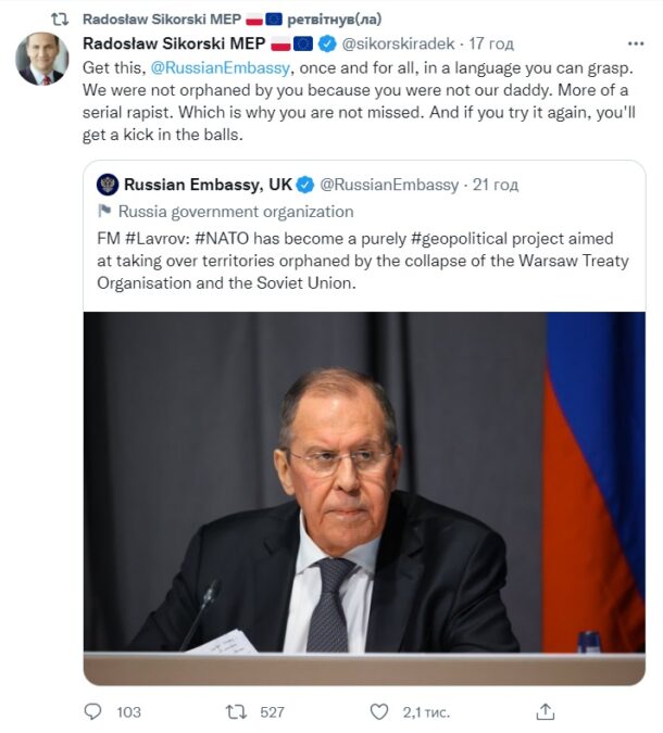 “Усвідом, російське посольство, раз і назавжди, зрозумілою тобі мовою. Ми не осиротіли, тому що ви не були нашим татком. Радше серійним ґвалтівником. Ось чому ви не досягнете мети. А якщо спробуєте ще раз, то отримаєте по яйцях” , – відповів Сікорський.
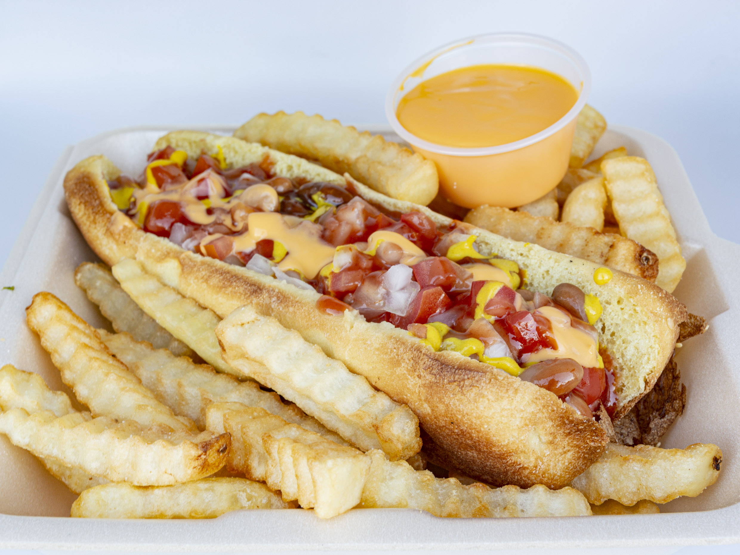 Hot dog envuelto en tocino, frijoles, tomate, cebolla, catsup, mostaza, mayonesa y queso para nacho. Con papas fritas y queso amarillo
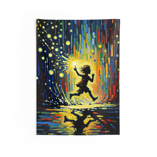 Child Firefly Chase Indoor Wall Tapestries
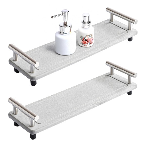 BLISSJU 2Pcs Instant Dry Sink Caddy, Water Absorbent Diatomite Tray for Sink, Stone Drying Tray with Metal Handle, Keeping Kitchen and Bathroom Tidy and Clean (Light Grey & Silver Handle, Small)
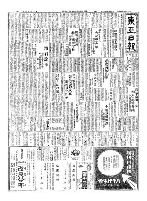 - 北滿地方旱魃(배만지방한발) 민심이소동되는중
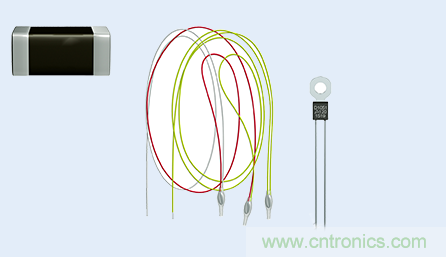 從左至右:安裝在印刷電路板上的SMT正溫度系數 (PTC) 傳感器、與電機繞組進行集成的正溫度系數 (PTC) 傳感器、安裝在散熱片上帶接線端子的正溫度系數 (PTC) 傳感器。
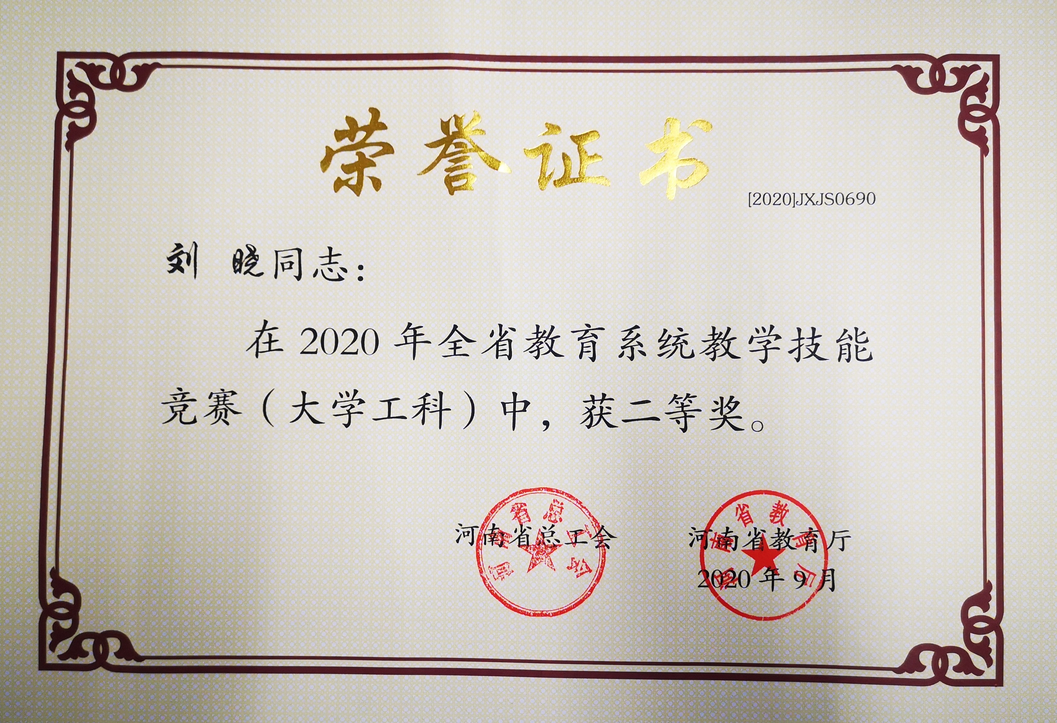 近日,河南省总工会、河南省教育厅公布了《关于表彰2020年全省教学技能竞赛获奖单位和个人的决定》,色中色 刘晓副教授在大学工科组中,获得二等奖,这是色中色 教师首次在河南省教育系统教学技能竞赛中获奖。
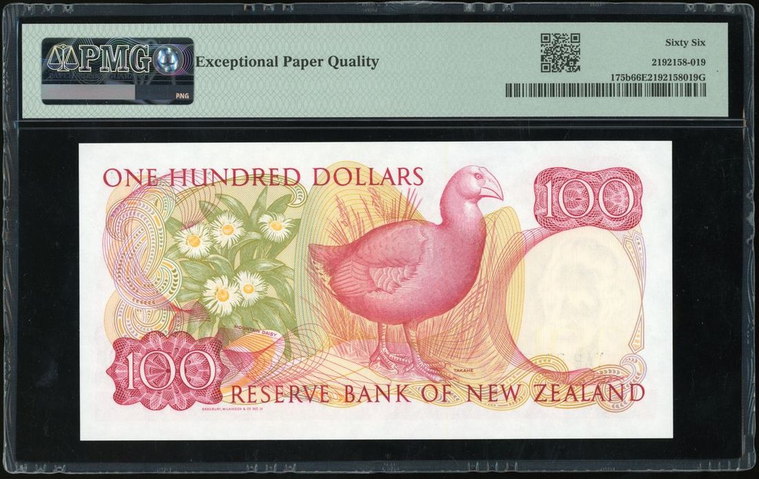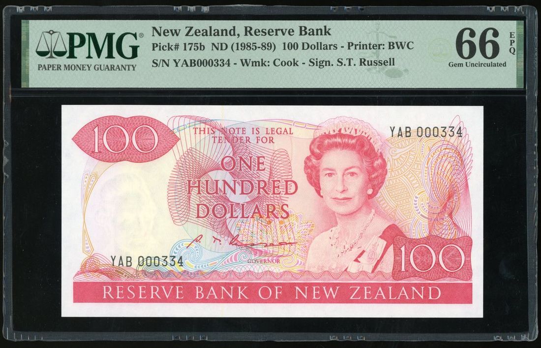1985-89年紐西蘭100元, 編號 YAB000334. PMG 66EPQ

(ABOUT THIS EXERCISE) Everything from the line containing "從左至右:安裝在印刷電路板上的SMT正溫度系數 (PTC) 傳感器、與電機繞組進行集成的正溫度系數" through the last line of the records above is to be reproduced exactly, except the pictures.

(RESULT FOR THIS TASK)
 從左至右:安裝在印刷電路板上的SMT正溫度系數 (PTC) 傳感器、與電機繞組進行集成的正溫度系數 (PTC) 傳感器、安裝在散熱片上帶接線端子的正溫度系數 (PTC) 傳感器。
 近日,河南省总工会、河南省教育厅公布了《关于表彰2020年全省教学技能竞赛获奖单位和个人的决定》,色中色 刘晓副教授在大学工科组中,获得二等奖,这是色中色 教师首次在河南省教育系统教学技能竞赛中获奖。
1985-89年紐西蘭100元, 編號 YAB000334. PMG 66EPQ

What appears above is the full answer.